What comes next for Chiefs defines legacy
The playoff bye is precious. In normal times, it’s a sort of hall pass from the grind of professional football. Guys go home for a few days. They see old friends, walk the halls of their high schools, get treated like kings. An earned treat.
Normal no longer exists, so this season the hall pass comes with a caveat - no required football work for the Chiefs, but guys will need to stay in town for daily COVID-19 testing. The rest of their days can be filled with meditation, Madden, memoirs, anything but mass gatherings.
The Chiefs’ JV squad lost to the Chargers 38-21 at Arrowhead Stadium Sunday, and that will be the last time here that we’ll mention a game with no impact on the other thing that matters.
The playoffs start next weekend. Patrick Mahomes, Travis Kelce, Tyreek Hill and the other Chiefs stars who watched from the sideline in track suits Sunday will be even more relaxed then - just stay hydrated, fellas.
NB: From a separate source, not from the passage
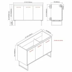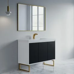 Wall-mounted or freestanding (on 2 included Rectangle-shaped golden metal legs) white vanity base with 3 soft-close doors. Vanity doors are available in Nero Matte Black, Dark Blue, Coral Red, Oak Natural, White Porcelain and Saffron Yellow. Includes white resin basin with one faucet hole. Doors can open without handles. Handles and faucet not included

This will be a week of rest, at least for the players. They’ll watch film, maybe lift a little bit, but mostly they’ll be told to take care of their bodies. Stay safe. Be ready for what matters.
The coaches will be busy. Andy Reid mentioned Joe Bleymaier, Terry Bradden and Alex Whittingham among the assistants who’ve been coordinating and establishing foundation work in scouting potential playoff opponents. Offensive coordinator Eric Bieniemy (and perhaps others) will interview for head-coaching jobs.
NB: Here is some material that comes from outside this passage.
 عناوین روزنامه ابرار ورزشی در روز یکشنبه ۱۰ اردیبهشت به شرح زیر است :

This is an awkward time, sort of the calm between the storms of the regular season and playoffs.
The Chiefs earned the AFC’s only bye, and their first playoff opponent will be determined by next weekend’s games - No. 2 Bills vs. No. 7 Colts, No. 3 Steelers vs. No. 6 Browns, and No. 4 Titans vs. No. 5 Ravens.
The Chiefs will play the lowest remaining seed, at home, and probably at night because the networks love Mahomes so much they praise him for throwing gum into a trash can.
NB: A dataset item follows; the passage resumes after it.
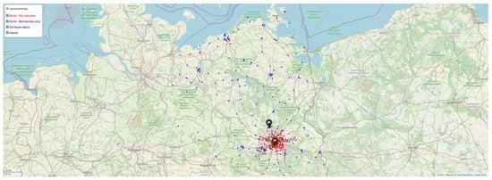 Data sample—Maps of the northeast region of Germany. Points represent individual retail stores; Red: Retail stores in the Berlin zip code area (share: 50%); Purple: Berlin metropolitan area (40 km) (share: 20%); Blue: Other retail stores (share: 30%)—own illustration based on leaflet.

The rest is the good part. The less awesome part is the AFC is strong, and no matter the results of the Wild Card Weekend’s games will present the Chiefs an opponent capable of beating them in the division round.
The Texans and Titans took double-digit leads at Arrowhead during last year’s postseason, and the Chiefs are certain to have a tougher road to this year’s Super Bowl.
The Chiefs would only play the Bills or Steelers in the AFC Championship Game. Their playoff opponent will be the lowest seed among the No. 4 Titans, No. 5 Ravens, No. 6 Browns and No. 7 Colts. The Dolphins could have been involved but appeared disinterested and overwhelmed.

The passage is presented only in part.